Survey results for integration time and flexibility.

The average integration time spent was 44.8 min. This means that for a person adopting the architecture and wishing to integrate with an AIOps platform, the time investment required is less than an hour, which is considered a very good result. The average time spent on flexibility was 24.7 min. This means that for someone using the architecture, it takes less than half an hour to make modifications to it to add new functionality, which is considered a very positive result. Both results show that in a few minutes the architecture can be integrated and made changes (flexible).

5 Conclusions

Out of the 16 patterns analyzed, 11 were selected, 7 of which correspond to monitoring patterns. These were used to build the proposed architecture, in which the use of monitoring patterns, middleware, and virtualization. Although the validation with the use case required extensive analysis, the benefits provided by the proposed architecture were successfully evaluated. A low error rate of less than 1% was obtained, and error detection and correction times were below the standards (MTTD of 1 min and MTTR of 30 s). Based on the results of the 5 metrics obtained for the use case, it can be inferred that the architecture implemented in this use case is adaptable and interoperable. As a result, we can conclude the proposed architecture facilitates integration with AIOps platforms.

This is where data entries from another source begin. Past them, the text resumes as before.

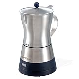 D2000.610 Features: -Hochwertige Ausführung.-Kompakte Bauart, aber mit unglaublichen 4-5 Bar Druck.-Ca. 2 Bar mehr Druck als herkömmliche Espressomaschinen dieser Bauart.-Mit zwei Ventilen zum Zubereiten von Milchkaffee, Espresso oder Mokka in nur wenigen Minuten.-Optimaler Druck- und Brühzyklus.-Autostopp-Funktion nach dem Brühen.-Füllt bis zu 1-3 Tassen Milchkaffee oder 3-6 Tassen Espresso.-Kabellos.-Funktionale 360° drehbare Heizstation mit integrierter Kabelaufwicklung.-Elektronisch geregelter Schalter mit integrierter Kontrollleuchte.-Versteckte Heizspirale unter dem Behälter.-Mit Überdruckventil.-Mit Überhitzungs- und Trockengehschutz.-TÜV-GS-geprüft.-Einfach zu Reinigen.-2 Jahre Herstellergarantie.-Material: Edelstahl.-Alle abnehmbaren Teile sind spülmaschinengeeignet.-Inhalt: 0,3 Liter.-Maße: 24,5cm H x 20cm B x 15,7cm T.-Gewicht: 1,7 Kg. Specifications: -Leistung: 400W.-Spannung: 230V ~ 50Hz.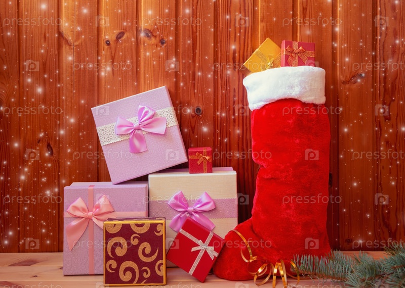 Рождественские пушистые чулки и подарочные коробки возле деревянной стены
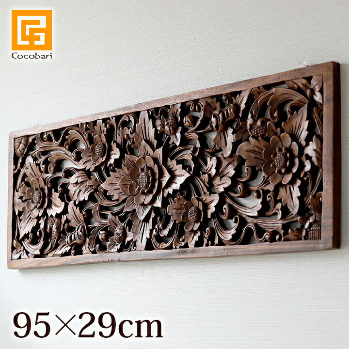 一枚の木の板を彫って作ったパネルです!サイズ29cm×95cmです。とても迫力のあるサイズで、バリではベッドルームなどにも飾られています。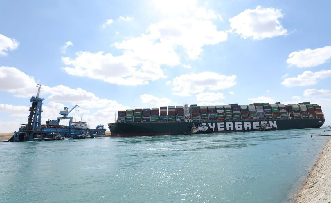 O porta-contêineres tem o nome de Ever Given é é propriedade da empresa japonesa Shoei Kisen, mas é operado pela Evergreen Marine Corp, sediada em Taiwan. O navio saiu da China e era esperado em Roterdã, nos Países Baixos, na próxima terça-feira (30).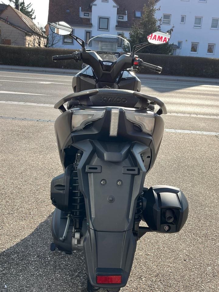 Mit seinem frischen, dynamischen Design setzt der DOWNTOWN GT 350i TCS nicht nur optisch Akzente. Die sportlich-aggressive Linienfuehrung und die markante Frontpartie mit modernem LED-Lichtkonzept verleihen dem Maxiscooter eine unverwechselbare Erscheinung. Der grosszuegige Windschutz und die aerodynamische Form sorgen fuer einen eleganten und funktionalen Auftritt, der sowohl in der Stadt als auch auf laengeren Strecken ueberzeugt.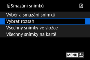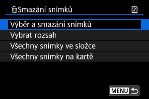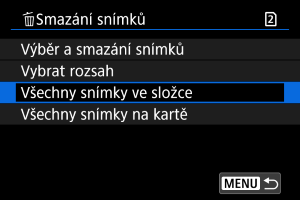: Smazání snímků], dojde k vymazání všech snímků ve složce nebo na kartě.

The proposed architecture provides a clear blueprint for designing, deploying, and managing distributed systems in a way that aligns with AIOps principles and it is easy to adapt for any business problem. It ensures that the various components, such as middleware, monitoring systems, and virtualization, are properly integrated to support AIOps capabilities effectively. By following this architecture, organizations can ensure easier integration between distributed systems and AIOps platforms.